Open House at the new Baptist Joint Committee on Religious LibertyWritten by Don Byrd

In a new op-ed for Religion News Service, Baptist Joint Committee Executive Director Amanda Tyler explains why the proposal to remove the IRS ban on electioneering by 501(c)(3) organizations, including houses of worship, is a bad idea. The column is a welcome and helpful counterpoint to Tony Perkins’ RNS op-ed supporting a change in the so-called “Johnson Amendment.”

Contrary to Perkins’ insistence otherwise, Tyler emphasizes that the rule does not erase the free speech rights of houses of worship or their clergy. Pastors and churches are free to speak out on the issues of the day, and church leaders are free, on their own, to endorse and assist candidates, “as long as tax-exempt church resources are not used and it is clear the pastor is acting in his individual capacity.”

I hope everyone engaged in this debate also focuses on another key point she makes: Lifting this rule risks turning our churches into Political Action Committees for parties and candidates.

Here is an excerpt from her column:

Changing the law is not about protecting free speech.
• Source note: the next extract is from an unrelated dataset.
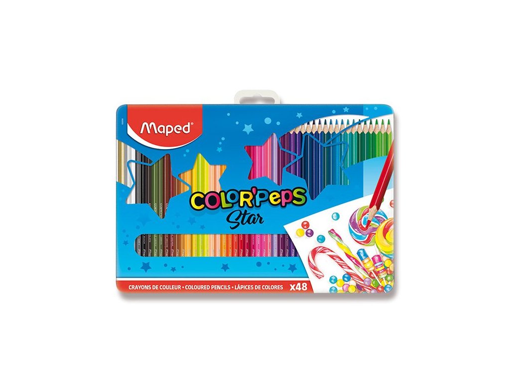 Sadu 48 kusů pastelek v odolném kovovém pouzdře s veselým designem využije každý školák. Pouzdro je odolné proti nárazům, chrání pastelky proti poškození. Ergonomické pastelky Maped ColorPeps mají trojhranné tělo, měkkou odolnou tuhu a jasné barvy.

Preachers can and do speak out, including from the pulpit, on any issue, and houses of worship may advocate for moral and ethical positions. Pastors and other church leaders, as individuals, can participate in the electoral process as much as they wish, as long as tax-exempt church resources are not used and it is clear the pastor is acting in his individual capacity. And, if a church really wants to wade into the political morass by intervening in an election, it can give up its charitable tax designation.

But beware, for as soon as the church joins at the hip with a particular candidate or party, its prophetic witness — its ability to speak truth to power and not risk being co-opted by the government — is hindered. The credibility and integrity of congregations would suffer with bad decisions of candidates they endorsed.
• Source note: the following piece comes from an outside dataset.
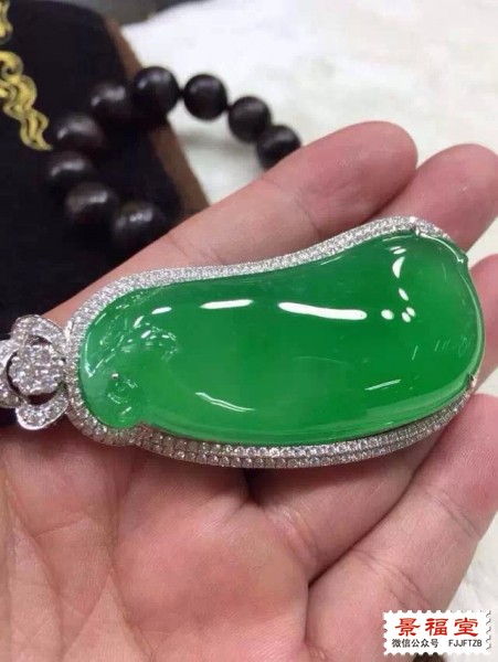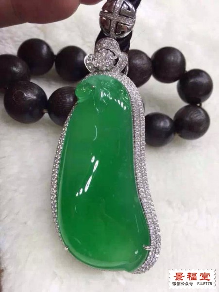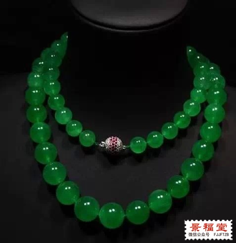下图这串珠链取料于一块重达120公斤的毛石。这块毛石在2002年底发现于木那场口,由蒋、王两位在缅甸从事翡翠开采的华侨拥有。他们在发现这块毛石后,历时一年多,经过反复多轮的研究,最终决定在这块翡翠原石的一条“色带”上取出57颗小料打磨成珠,串成一条项链。这样既把这块原石上最极品的部分组合在了一起,又因为翠珠无须镶嵌和雕刻,可以最大程度的展示翡翠天然、原始的美感。历时四年的取料、打磨,这串翡翠珠链才制作完成,业内人士给出了过亿元的估价。目前,这串项链还没有“起名”,七彩云南负责人表示对这串“国宝级”翡翠他们将悬赏总价值10万元的翡翠向全球公开征集名字。

Read the whole thing. Also, see the BJC’s earlier statement, released hours after President Trump made the promise.

On this topic, I also highly recommend two other pieces — one by a Baptist pastor, and the other by a professor.
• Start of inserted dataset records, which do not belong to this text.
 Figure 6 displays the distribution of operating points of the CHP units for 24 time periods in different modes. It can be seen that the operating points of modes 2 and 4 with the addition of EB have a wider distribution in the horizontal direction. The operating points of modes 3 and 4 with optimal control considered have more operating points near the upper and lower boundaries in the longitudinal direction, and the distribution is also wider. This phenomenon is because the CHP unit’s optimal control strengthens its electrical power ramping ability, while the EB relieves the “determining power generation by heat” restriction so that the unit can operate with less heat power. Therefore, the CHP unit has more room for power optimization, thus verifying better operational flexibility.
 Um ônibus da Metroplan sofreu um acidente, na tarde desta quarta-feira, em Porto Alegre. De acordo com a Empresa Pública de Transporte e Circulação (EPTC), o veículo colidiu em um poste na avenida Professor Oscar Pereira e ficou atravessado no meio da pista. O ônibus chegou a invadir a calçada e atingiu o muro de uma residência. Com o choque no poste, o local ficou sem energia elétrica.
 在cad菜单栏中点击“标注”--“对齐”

  • In a column for Huffington Post, Baptist pastor and BJC Board member Andrew Daugherty notes that abandoning the rule would be “to the peril of both our nation’s political process and the prophetic witness of our nation’s great religions.”
  • In a Baptist News Global column, Wake Forest Professor Bill Leonard writes that changing the law would have the effect of “splitting churches left and right.” And he closes with this thought:

    Conscience and gospel oblige us all to respond to the injustices we perceive in the nation and the world. But Christian conscience underwritten by tax favors from the state may dilute our witness and devalue the gospel we claim to represent.